The design: overview
The system is made up of three main components: (1) a daily ingestion pipeline, (2) a training and inference service for the demand model, and (3) a recommendations table consumed by the dashboard.
The pipeline pulls sales, inventory, and seasonality data from the data warehouse and turns it into features for the model. The model is retrained weekly and produces demand forecasts for the next 7 days per SKU and store.

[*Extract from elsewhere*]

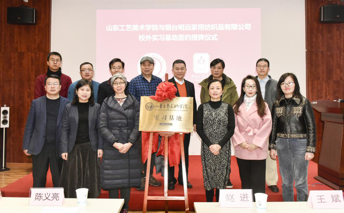 最后,现代手工艺术学院院长赵进与烟台明远家用纺织品有限公司常务副总陈义亮为教学实习基地签约揭牌。

We chose daily batch over near-real-time given the business’s ordering pattern (daily). That cuts infrastructure cost by roughly 40% without affecting the SLA.
C4 diagram (container level) Link to heading
The C4 diagram at the container level shows the executable processes, databases, and how they talk to each other within the system. It’s useful for communicating the high-level architecture without getting into implementation details.

Sequence diagram Link to heading
Sequence diagrams show the order of interactions between components over time. They’re handy for documenting data flows, API calls, and batch processes with timing dependencies.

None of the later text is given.